I get into the cab and ask to go to the Great Wall Sheraton.

“Hey, your Chinese is very good,” my cabbie says.

“Oh no, please, there is no need to be polite.”

“No, it is very good. Do you live in Beijing?”

“No, I’m just visiting. I haven’t been in China for nearly 10 years.”

“What do you think?”

“It has changed a lot. China has advanced rapidly.”

And this is where he completely ignores the old formula. Instead of politely denying this, he says, “Yes, China has changed a great deal.”

I am momentarily at a loss for words: Doesn’t he want to know what country I am from? “Um, yes, just look at the airport. It is so much better.”

“No, it is still inadequate. They are going to build a much better one down the road in time for the 2008 Olympics.”

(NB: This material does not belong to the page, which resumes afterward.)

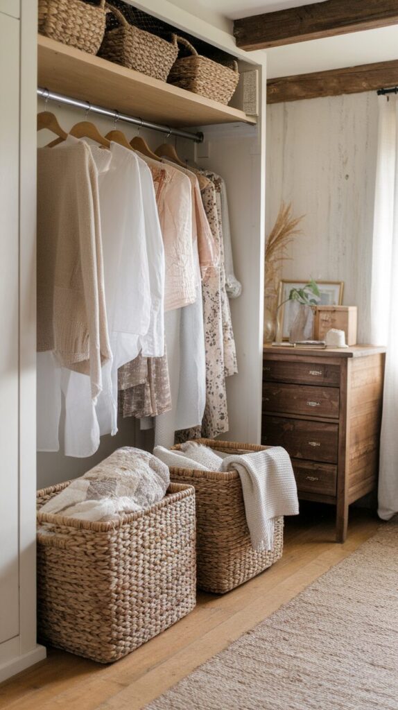 Mix fabrics instead of matching sets. Linen, cotton, and wool play well together. Skip shiny or silky materials, because they clash with rustic warmth.

“Oh right, the Olympics. I remember when I was here in 1992, everyone was disappointed the 2000 Olympics went to Sydney not Beijing.”

“True, we were not happy. But it is better this way. Eight more years of preparation. Now the conditions are much better. When we are introduced to the world, the world will respect us.”

“The world will give China face,” I say, and he laughs.

“Where are you from?” he asks me.

Finally.

“America.”

“America is a very rich country.”

“Not these last few years. It has been tough.”

“Yes, I have read that,” he says, “but look at it this way: America is at the top of the mountain. It is very hard for it to keep going up.” I am stunned. Was that pity? After a moment of silence, he continues, “But America’s economic report for the last quarter was very strong, so maybe things will start to improve.” This makes me smile. They are still watching us as closely as they ever did.

“How long before China is America’s equal?” I ask.

“Never happen,” he says, but he’s laughing like he doesn’t mean it.

“Come on.”

“Fifty years,” he says still laughing.

This is what I wanted to know. The Chinese dream is still the same: to catch the American dream. They still see the future as a multigenerational marathon. But unlike 10 years ago, the race doesn’t seem quite so hopeless. The Olympics, membership in the WTO, manned space flights: These are mile markers on the road to superpower status.